Publication information
- Publisher: DC Comics
- First appearance: The Dark Knight Returns #1 (February 1986)
- Created by: Frank Miller

In-story information
- Member(s): See Members

= Mutants (DC Comics) =

Fictional street gang in the DC universe

The Mutants is a fictional street gang appearing in American comic books published by DC Comics. The group first appeared in the series The Dark Knight Returns, which took place in an alternate future. A version of the Mutants later appeared in the main DC continuity.

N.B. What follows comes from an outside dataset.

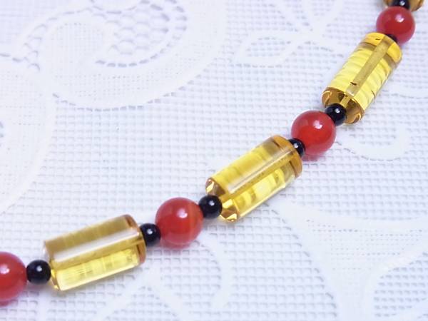 【数量限定販売になります】 琥珀、カーネリアン、ブラック・カルセドニーを組み合わせたネックレスです。 琥珀は、模造品や再生琥珀等の天然琥珀ではない琥珀が多く出回っていますが、鑑別機関の最高峰 「中央宝石研究所」 で鑑別をして、間違いない商品を供給してくれる、信用できるサプライヤーから仕入れをしています。 近年、産出量が激減し、値段が高騰しております。また産出国の輸出規制等によって、日本への輸入量も激減しています。 使用石 : 天然琥珀 天然カーネリアン(処理石) 天然ブラック・カルセドニー(処理石) 長さ : 約50cm 最大幅 : 約6.5mm 留め金 : 引き輪式 地金 : シルバー925 メッキ : ロジウム・コーティング 重量 : 約14g 参考小売価格 : 15000円 天然琥珀特有のグリッターと呼ばれるクラックやインクルージョンが少ないタイプの琥珀です。 【備考】 誠に勝手ながら、土、日曜日、祝日、長期休暇は、 発送業務をお休みさせていただいておりますので、ご了承下さい。 画像はサンプル画像ですが、サンプル画像と遜色のない商品をお送りします。 出来るだけ実物に近い画像を使っておりますが、実物と多少色が異なる場合がありますので、ご了承下さい。 環境に配慮して、必要以上の梱包をしておりませんのでご理解下さい。 基本的にはチャック袋等に商品を入れ、緩衝材で壊れないように保護してお送り致します。 プレゼント梱包はご対応しておりませんので、ご了承下さい。 スムーズなお取り引きを心掛けておりますが、仕事の都合上、ご返信、発送等に 多少お時間を頂く場合もあるかと思いますが、ご理解の程、よろしくお願いします。 ノークレーム、ノーリターンでお願い致します。 | |||

==Fictional team biography==
===The Dark Knight Returns===
In The Dark Knight Returns, set in a potential future, the Mutants are a youth gang that formed sometime after Bruce Wayne retired as Batman. A decade later, Wayne becomes Batman again after crime rates spike. Although Batman defeats the Mutants, the Mutant Leader ends up goading him into a fight. Batman is able to match the Leader in strength, but is severely injured due to being out of practice. Carrie Kelley creates a diversion, allowing Batman to immobilize the Mutant Leader, and the two of them escape. The Gotham City Police Department arrive and arrest the Mutant Leader and his associates. While in police custody, the Mutant Leader is visited by the unnamed mayor of Gotham City, who wants to negotiate with him. The Mutant Leader kills the mayor by tearing out his throat, causing deputy mayor Stevenson to be sworn in as the new mayor of Gotham City. Batman manages to defeat the Mutant Leader in a rematch, causing the Mutants to disband. Some of the Mutants members form a new group called the "Sons of Batman", using excessive violence against criminals, while others splinter off into separate gangs.

===Mainstream comics===
In "The New 52" continuity reboot, the Mutants appear as allies of Leviathan. Later on, when Booster Gold accidentally brings Jonah Hex to the present, he finds a family being endangered by the Mutants, who Hex confronts. He manages to kill their leader King-Boss-Champion Steaktube.

==Membership==
===The Dark Knight Returns members===
- Mutant Leader – The unnamed albino leader of the Mutants, a physically imposing and strong man who shaped his teeth as fangs to add to his imposing presence. He manipulated Gotham City's youth to perform violent criminal acts under his leadership, spiking to an all-time high and contributing to force Batman out of retirement.
- Don
- Rob

===Mainstream comics members===
- King-Boss-Champion Steaktube – A member of the Mutants. He was killed by Jonah Hex.

==In other media==
===Television===
- The Mutants appear in The New Batman Adventures episode "Legends of the Dark Knight", with the Mutant Leader voiced by Kevin Michael Richardson, Don voiced by Mark Rolston, and Rob voiced by Charles Rocket.
- Two members of the Mutants make a non-speaking appearance in the Teen Titans episode "How Long is Forever?".
- The Mutants make a non-speaking cameo appearance in the Batman: The Brave and the Bold episode "The Knights of Tomorrow!".
- A variation of the Mutants appears in Gotham. This version is led by Terence "Cupcake" Shaw (portrayed by Jamar Greene) and is known to hold fight clubs across Gotham City. Another faction of Mutants appear in the fifth season, led by an unnamed leader (portrayed by Sid O'Connell).
- The Mutants appear in Gotham Knights. This version is led by Vernon Wagner (portrayed by Keil Oakley Zepernick) who has a history with Batman.

===Film===
- The Mutants appear in the two-part film Batman: The Dark Knight Returns, with the Mutant Leader voiced by Gary Anthony Williams, Don voiced by Dee Bradley Baker, Rob voiced by Rob Paulsen, and the Sons of Batman member voiced by Yuri Lowenthal.
- The Mutant Leader makes a non-speaking appearance in The Lego Batman Movie.
- The Mutants make a non-speaking appearance in Zack Snyder's Justice League.

===Video games===
The Mutant Leader appears as a non-player character (NPC) in Lego Batman: Legacy of the Dark Knight.